Backfilling data is critical to ensuring that data systems are complete and accurate. By following best practices data engineers can help mitigate common challenges and maintain data integrity throughout the backfill process. Below are some strategies to to help you implement a successful backfill.

  1. Use and test unique keys

     - Ensure each record has a unique identifier and implement logic in data pipeline exporters that ensures uniqueness. Also include data validation tests to confirm your records are unique.

  2. Validate and transform data

     - Data type mismatches should be identified during the pre-backfill analysis of your source system. Any attributes that have differing data types in the backfill will need to be transformed prior to inserting the records into the target database.

  3. Batch process or incrementally load data

     - Extracting or loading data in batches will reduce strain on the source and target systems. Data Engineers should also consider backfilling large datasets should be completed on off peak hours to reduce downtime of the system or application.

Once you understand the best practices for implementing a successful data backfill, it’s time to put those learnings to work.

Apply backfills in Mage

Mage offers two strategies to handle backfilling data.
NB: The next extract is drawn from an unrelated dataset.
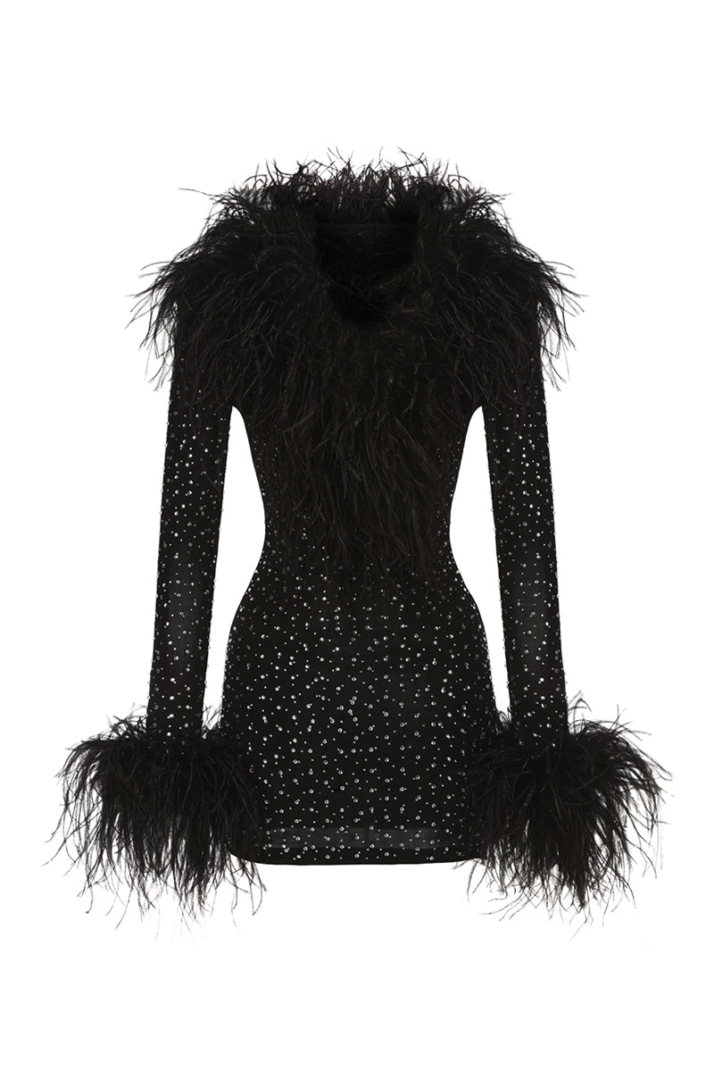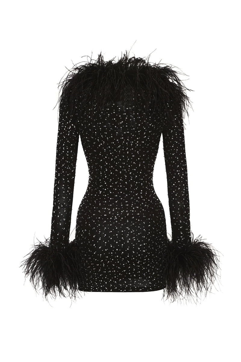 - Long sleeves with ostrich feather trim

First, a no code UI allowing data engineers to generate backfills based on a date and time window. The second option is to custom code a backfill to meet the requirements of you data pipeline. For this tutorial we will focus on implementing a backfill using the no code UI.

No code UI in Mage

Once users select into a pipeline the backfill UI is located on the left sidekick. The data and time window backfill method should be used when you have some simple backfills based on dates. A simple use case for the Date and Time Window UI is a system failure where data does not move from a source system to the target system for a period of time. This would especially be true for daily batch pipelines.

  1. Backfill Name

     - Mage provides you with a name or an opportunity to change the name of your backfill.
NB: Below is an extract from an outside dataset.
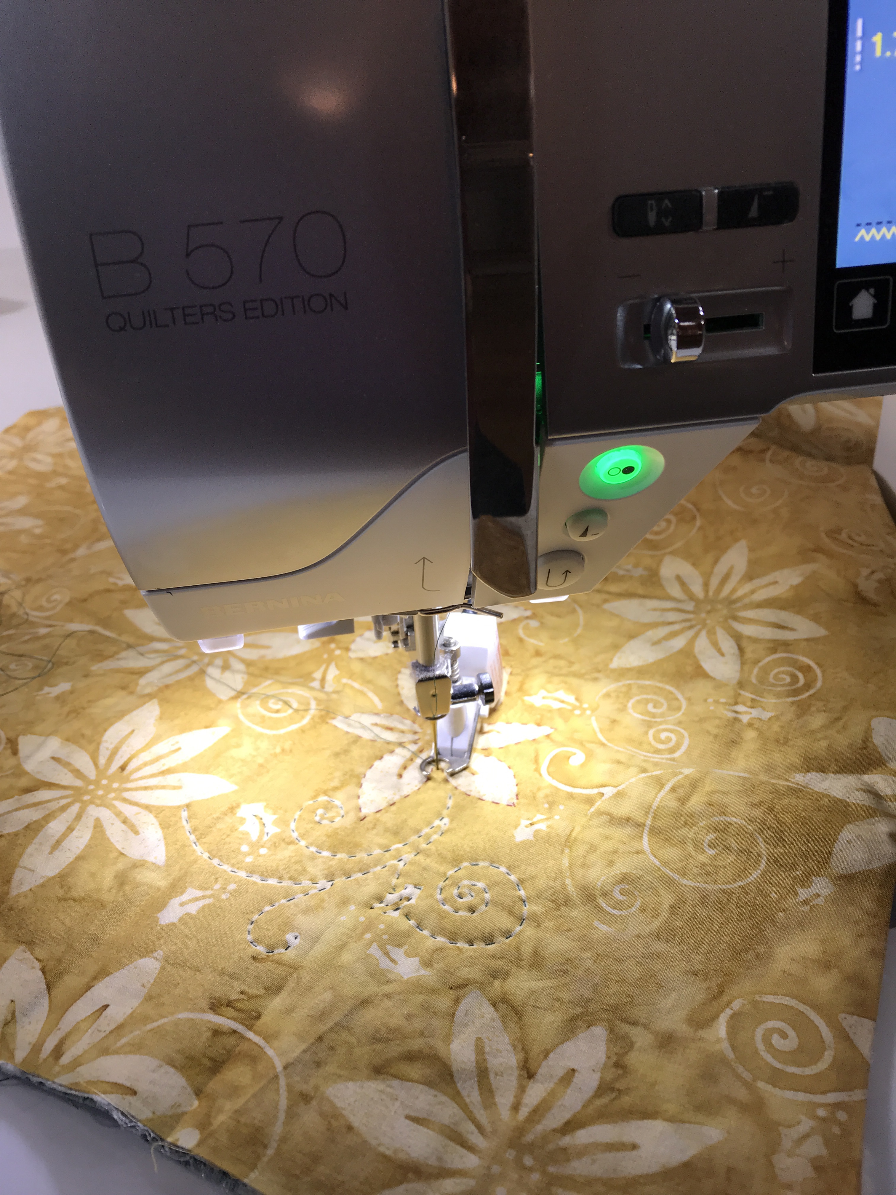 Mmmm. A little Modern Quilt Studio, a little Carol Eaton, and a batik I’ve had for years. I opted for the gold and green as the main fabrics…so, fused each to a piece of batting with MistyFuse and (after a very brief thought about hand-quilting), headed to my Bernina:

  2. The start and end date times

     - are the range you want to extract data from your source to backfill your target system.

  3. Interval Types

     - are the intervals selected for the date range such as hourly, daily, weekly, monthly etc.

  4. Interval Units

     - are time units used to segment the interval types (i.e. 28 day batch with interval type daily segmented by 7 intervals will result in 4 backfill runs).

  5. Max Concurrent Runs

     - is the max number of pipeline runs you will allow to complete simultaneously.

To generate a backfill using the Date and Time Window UI complete the following steps:

  1. Select backfill button from the pipelines left vertical sidekick

  2. Click the Create New Backfill button navigating the user to the screen image above

  3. You can either keep the backfill name provided or change the name to whatever you want to call the backfill

  4. Enter the custom start date and time

  5. Enter the custom end date and time

  6. Enter an interval range such as day, week, month, year, etc.

  7. Enter number of interval units

  8. Click Save changes

  9. Once the backfill is saved it is stored in the triggers and ready to run

  10. Click Start backfill to complete the process.

Conclusion

Implementing 

 is essential for maintaining the integrity and completeness of your data pipelines. By leveraging Mage's powerful backfilling capabilities, you can seamlessly integrate historical data and build resilience into your data workflows. Whether using the intuitive no-code UI for simple date and time window backfills or custom coding for more complex requirements, Mage provides the flexibility and tools you need to ensure your data pipelines remain robust and reliable. Start applying these best practices and strategies today to enhance your data pipeline's performance and reliability.